Here is a summary of the encoding patterns with examples:
| Bytes | Range | Format (Binary) | Example | Unicode | UTF-8 (Hex) |
|---|---|---|---|---|---|
| 1 | U+0000–U+007F | 0xxxxxxx |
‘A’ | U+0041 | 41 |
| 2 | U+0080–U+07FF | 110xxxxx 10yyyyyy |
‘é’ | U+00E9 | C3 A9 |
| 3 | U+0800–U+FFFF | 1110xxxx 10yyyyyy 10zzzzzz |
‘你’ | U+4F60 | E4 BD A0 |
| 4 | U+10000–U+10FFFF | 11110xxx 10yyyyyy 10zzzzzz 10wwwwww |
‘😀’ | U+1F600 | F0 9F 98 80 |
🔑 Why are there “gaps” in the ranges?
This was a sharp observation. The ranges are not continuous for a critical reason: UTF-8 is self-synchronizing.
This design ensures that:
- No byte sequence is a prefix of another. This allows you to jump into the middle of a byte stream and still find the beginning of a character without having to parse from the start.
- Each encoding length has “overhead” bits (the
110,1110,11110prefixes) that signal the length of the character sequence.
These “gaps” are intentional and crucial for robustness.
- The 2-byte block starts at
U+0080because the rangeU+0000–U+007Fis already covered by 1-byte encodings. - The 3-byte block starts at
U+0800because anything below that is handled by 1 or 2-byte encodings. - The 4-byte block starts at
U+10000because anything below that is handled by 1, 2, or 3-byte encodings.

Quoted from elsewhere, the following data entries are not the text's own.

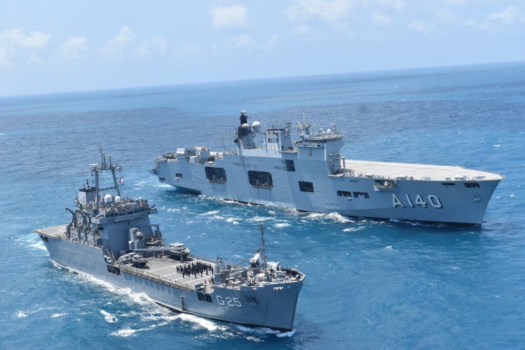 Na terça-feira (7), a Marinha do Brasil realizou exercícios de apoio logístico no Rio Amazonas, com o Navio-Aeródromo Multipropósito (NAM) Atlântico e o Navio de Desembarque de Carros de Combate (NDCC) Almirante Saboia. As manobras incluíram aproximação entre embarcações em formatura, sem passagem de cabos, e reabastecimento vertical entre navios por meio de helicópteros UH-12 Esquilo equipados com ganchos de carga.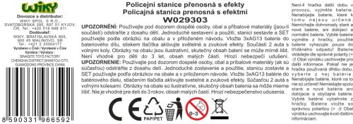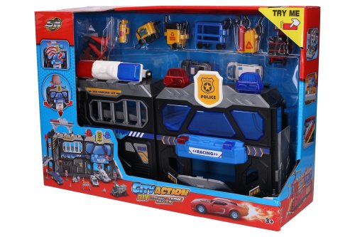 Policejní stanice přenosná. Rozměry 56x18x23 cm. Světelné a zvukové efekty. Aktivace tlačítkem na modrém panelu. 3xAG13 baterie součástí. Součástí 2 auta s volnými koly, mnoho příslušenství (dopravní značky, hasičský přístroj, myčka, čerpací stanice, diagnostika a další).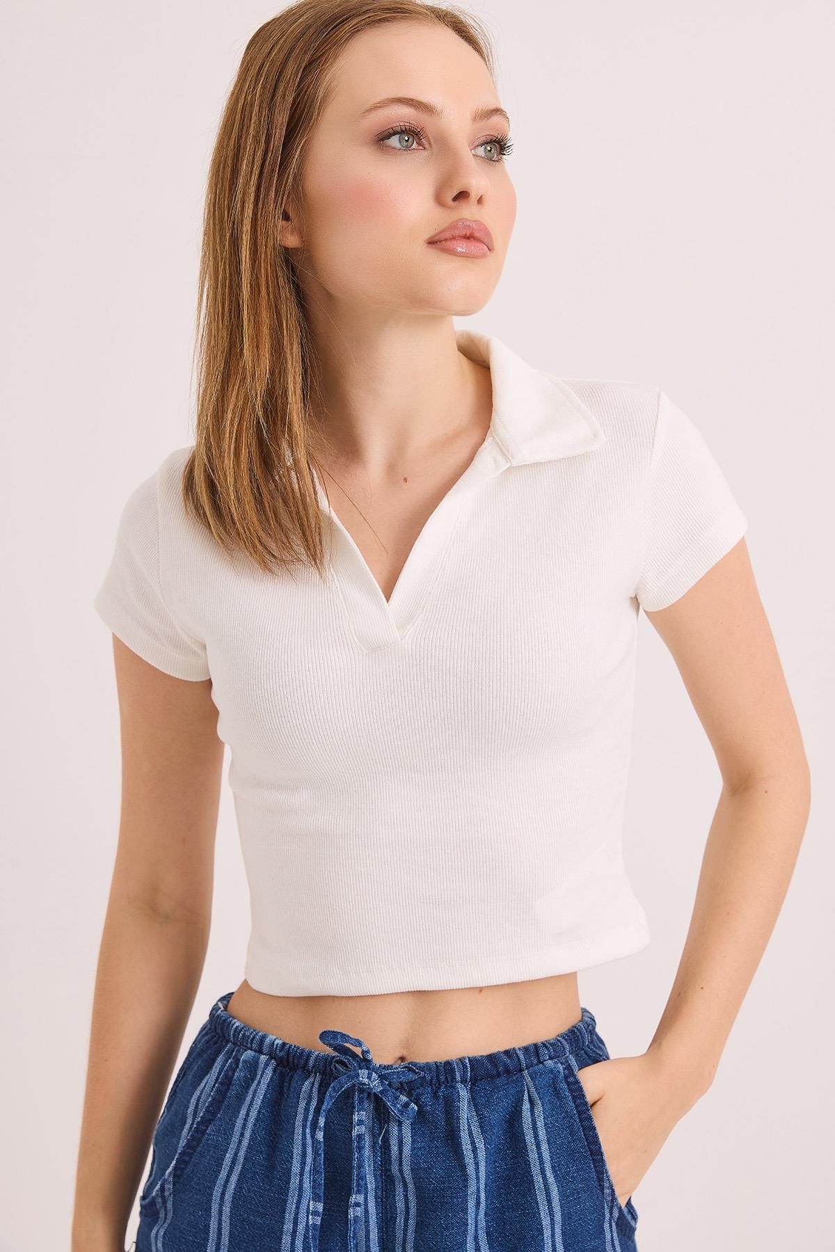 Polo Yaka Basıc Kısa Kollu Örme Kaşkorse Crop Bluz Beyaz (250861BLZXBYZ)
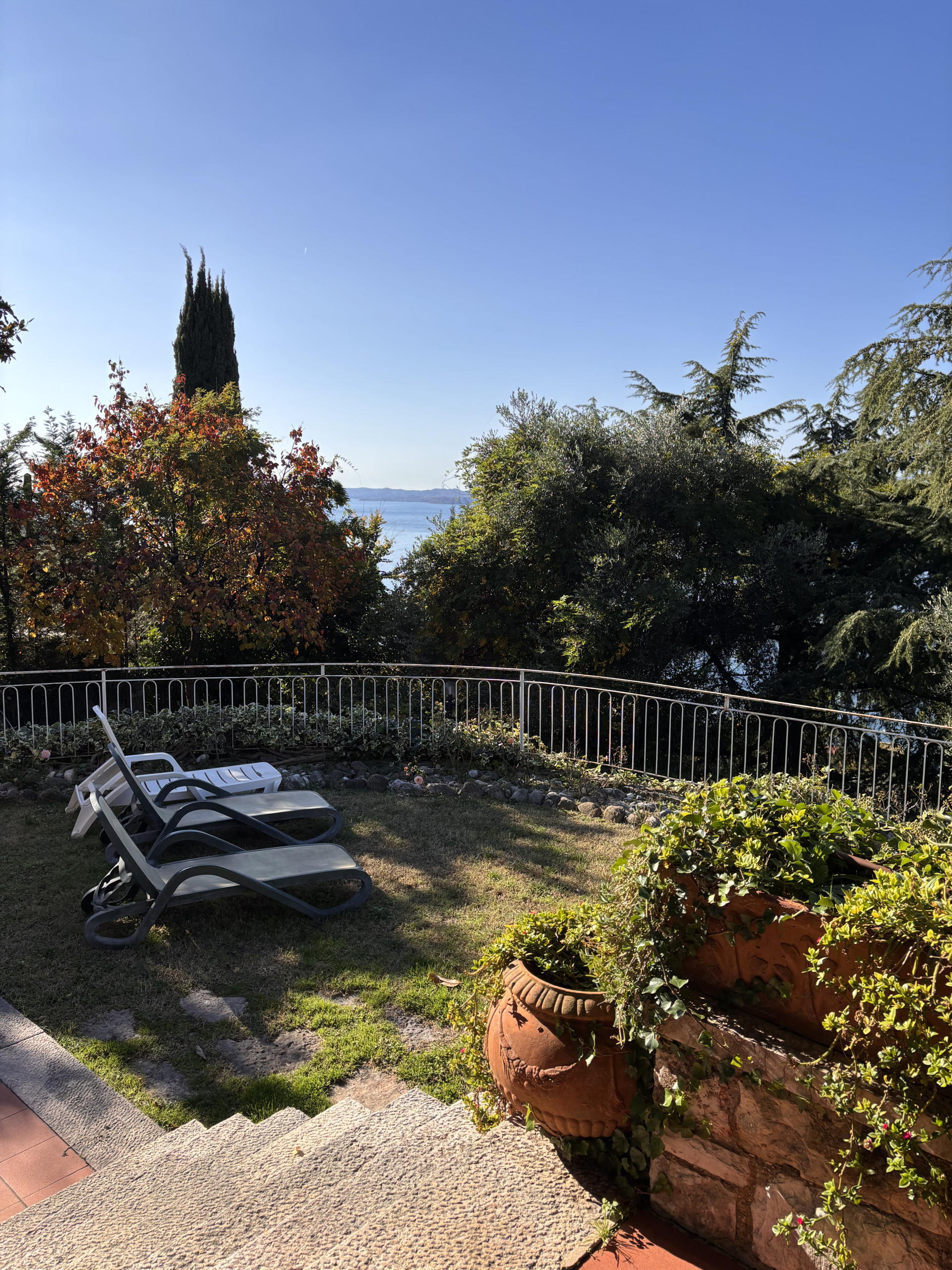 Salendo da Torri del Benaco, sulla strada che sale al paese di Albisano, Villa Margiò è nascosta tra gli uliveti, in una splendida posizione panoramica, con una fantastica vista sul Lago di Garda. La villa dispone di un giardino terrazzato e in pendenza con molti alberi ombrosi che fiancheggiano la strada dal cancello d’ingresso al parcheggio, con spazio per quattro veicoli.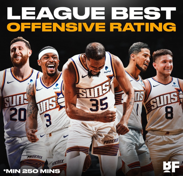 KD/布克/比尔/阿伦/努尔基奇!太阳这阵容进攻效率全联盟第一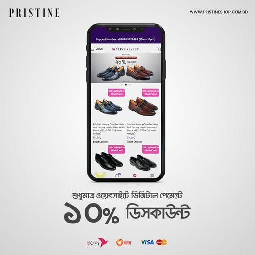 Get 10% discount on all web purchases done through digital payment at PristineShop.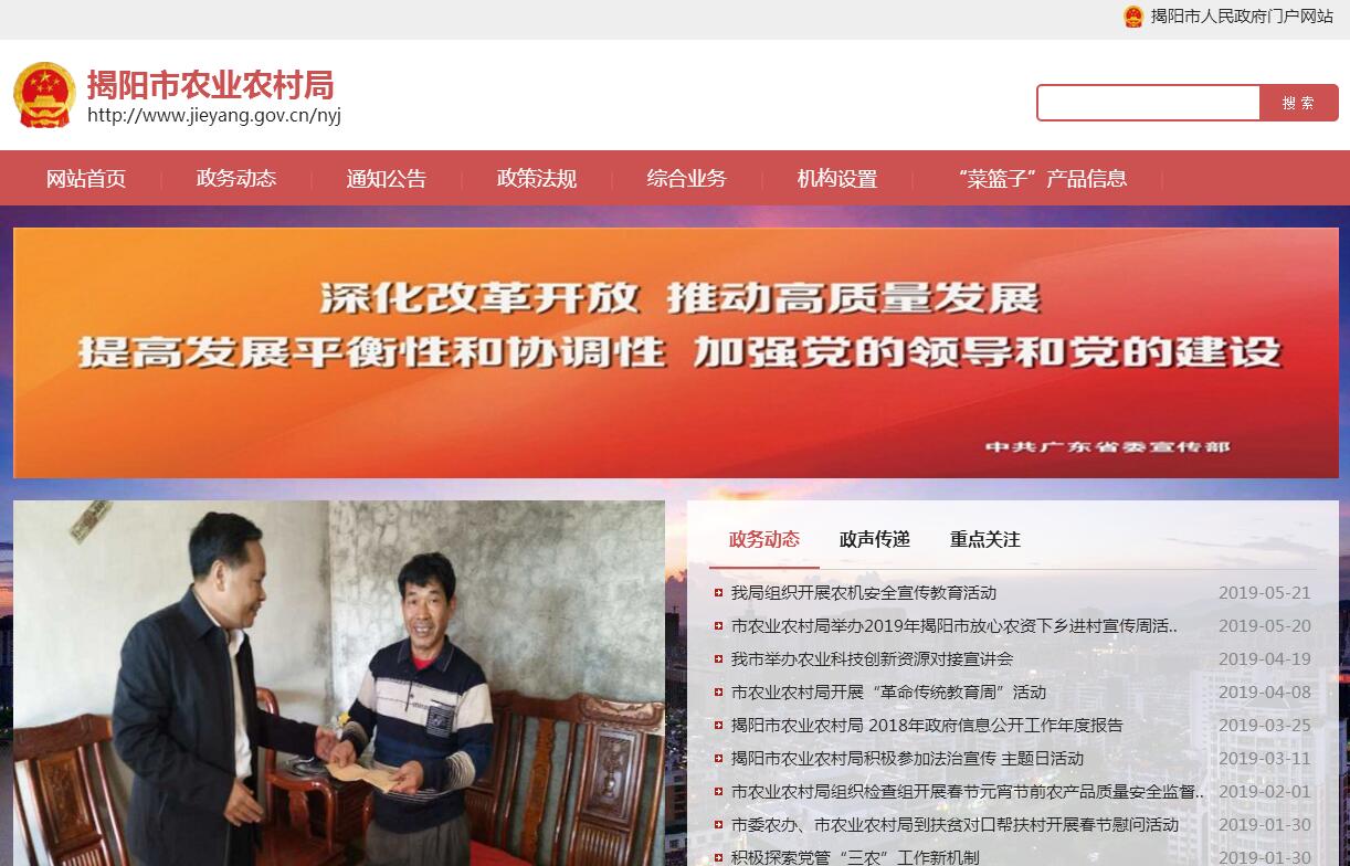 揭阳市农业农村局主要职责:(一)贯彻执行国家和省有关农业农村工作的方针政策和法律法规,组织起草农业和农村经济的规范性文件、参与农业和农村经济社会改革与发展重大问题的调查研究并提出政策建议。(二)拟订种植业、畜牧业、农业机械化等农业有关产业(以下简称农业)和农村经济发展、发展战略、中长期发展规划并指导实施,参与涉农政策制定,负责组织全市畜禽屠宰行业管理工作,组织、指导、监督全市农业行政执法工作。(三)承担完善农村经营管理体制的工作。提出深化农村经济体制改革和稳定完善农村基本经营制度的政策建议,指导农村土地承包、土地承包经营权流转、承包纠纷仲裁,指导、监督减轻农民负担和村民筹资筹劳工作。拟订农业产业化经营的发展规划并组织实施,推动农业社会化服务体系、农村合作经济组织、新型农业经营主体的建设与发展。组织实施政策性农业保险工作。(四)组织落实促进粮食、畜禽产品等主要农产品生产发展的相关政策措施,引导农业产业结构调整和产品品质的改善。组织实施农业标准化、规模化生产。提出农业固定资产投资规模和方向、国家和省财政性资金安排的意见,提出扶持农业农村发展的财政措施和项目建议。(五)拟订农产品加工业发展规划并组织实施,促进农业产前、产中、产后一体化发展。提出农业产业保护、促进大宗农产品流通和农产品进出口的政策建议。参与制订农产品专业批发市场体系建设与发展规划。培育、保护和发展农产品品牌,指导休闲农业发展。(六)负责农产品质量安全监督管理。负责农产品质量安全监测,指导农业检验检测体系建设,完善农产品质量管理体系,负责食用农产品(水产品除外)从种植养殖环节到进入批发、零售市场或生产加工企业前的质量安全监督管理,负责奶畜饲养以及生鲜乳生产环节、收购环节的监督管理,依法开展农产品质量安全风险评估,发布有关农产品质量安全状况信息,依法管理农业标准化工作,组织实施符合安全标准的农产品认证。(七)组织、协调农业生产资料市场体系建设.依法开展农作物种子(种苗)、草种、种畜禽、肥料、农药、兽药、饲料、饲料添加剂、农业转基因生物生产加工、动物防疫条件的监督管理。会同有关部门监督实施农业生产资料国家标准。负责农业机械的安全监理和产品质量监督管理工作。(八)负责动物重大疫病和农作物重大病虫害监测预警与防控。起草动植物防疫和检疫的地方性文件。会同有关部门制定动植物防疫检疫方案,指导动植物防疫和检疫体系建设。组织监督动植物的防疫检疫工作,组织重大植物检疫性有害生物监测、普查。组织兽医医政、兽药药政药检工作,负责执业兽医的管理。(九)承担农业救灾复产工作。监测农业灾情,组织种子、化肥、农药、农机设备、防疫物资等救灾物资储备和调拨,提出生产救灾资金安排建议,指导农业救灾和灾后恢复生产。承担农业重大突发事件应急管理。(十)制定农业科技、农技推广的规划和有关文件,指导现代农业产业技术体系和技术推广体系建设,组织实施农业科研、成果转化、科技示范和技术推广,组织引进国外农业优良品种与先进技术。负责农业科技成果管理、农业植物新品种保护和农业转基因生物安全监督管理。(十一)会同有关部门拟订农业农村人才队伍建设规划并组织实施,指导农业教育和农业职业技能开发工作,参与组织实施农村实用人才培训和新型职业农民培训工作,会同有关部门依法实施农业农村人才专业技术资格和从业资格管理。(十二)组织农业资源区划工作,指导农用地、宜农滩涂、宜农湿地、牧草地和农业生物物种资源的保护和管理,负责野生植物保护工作。拟订耕地及基本农田质量保护与改良方案并指导实施,依法管理耕地质量。牵头拟订农田基本建设规划,运用工程设施、农艺、农机、生物等措施发展节水农业。(十三)制定并实施农业生态建设规划,指导农村可再生能源综合开发与利用,指导农业生物质产业发展和农业农村节能减排,指导农业面源污染治理工作。指导、协调划定农产品禁止生产区域工作,指导生态农业、循环农业的发展。(十四)负责农业信息体系建设,会同有关部门监测分析农业和农村经济运行情况,开展相关农业统计工作。发布农业和农村经济信息。指导农业信息服务。(十五)组织开展国内外农业经济、技术交流与合作。(十六)承办市委、市人民政府和省农业厅交办的其他事项。
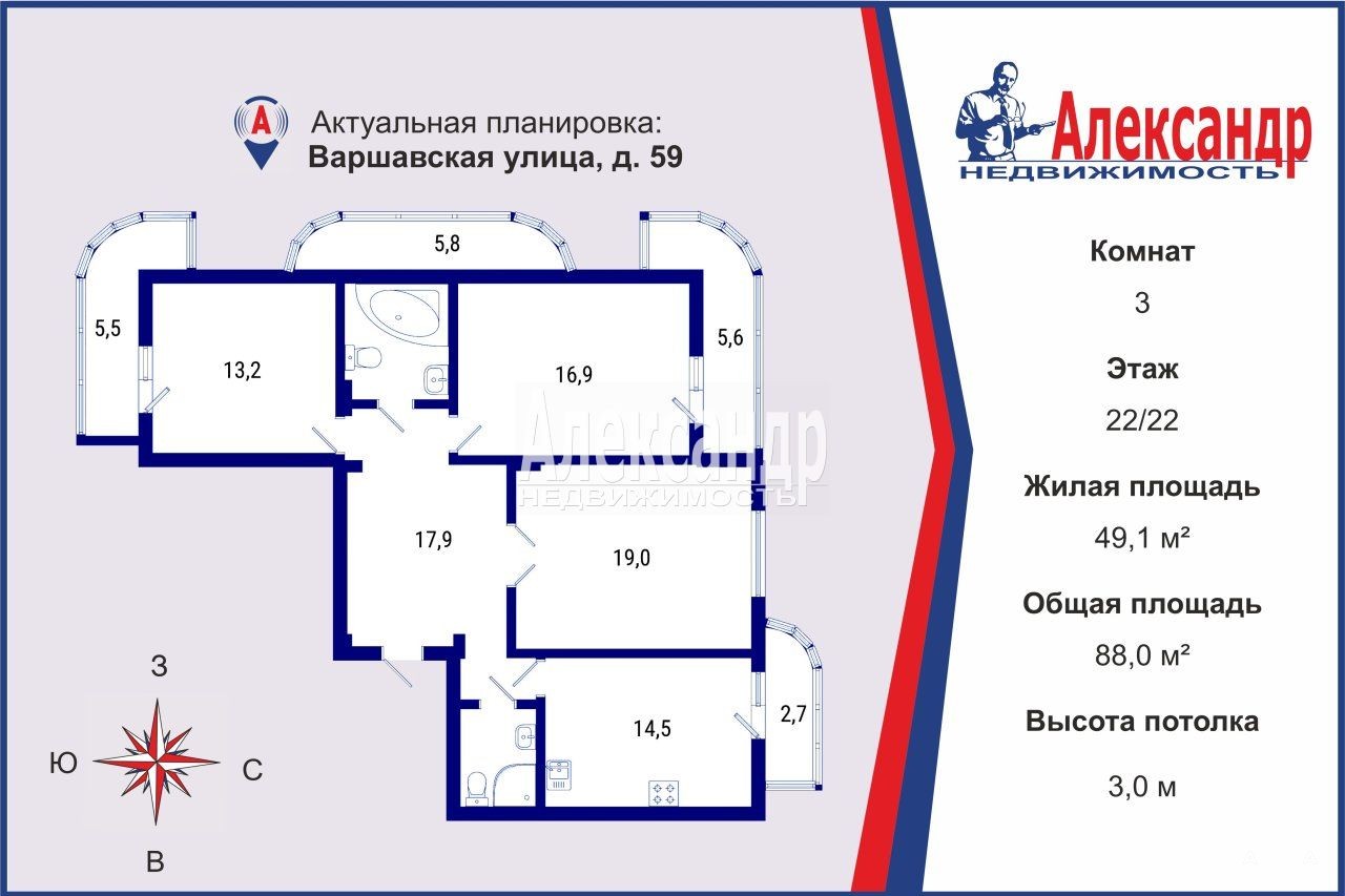 1704899 Предлагается к продаже 3 комнатная квартира в престижном районе Санкт-Петербурга с 2-мя спальнями, просторной залой, большой кухней и колоссальной прихожей. Два санузла. Один с душевой кабиной. Второй с шикарным джакузи. Общая площадь 88 м², высота потолков 3, 0 м. Квартира продается без мебели.

This staggering ensures there is no overlap between byte lengths, making UTF-8 backward-compatible with ASCII, robust, and unambiguous.
Conclusion
- UTF-8 is a variable-length encoding system: It uses 1, 2, 3, or 4 bytes to represent every possible Unicode character.
- It’s backward-compatible with ASCII: The first 128 characters (U+0000 to U+007F) are encoded in a single byte, identical to the ASCII standard.
- It’s robust and self-synchronizing: Thanks to its clever use of byte prefixes, you can always determine the start of a character in a stream of bytes, preventing corruption and errors.
Understanding this byte-level foundation is not just an academic exercise; it’s essential for truly grasping how and why modern NLP models and tokenizers work the way they do.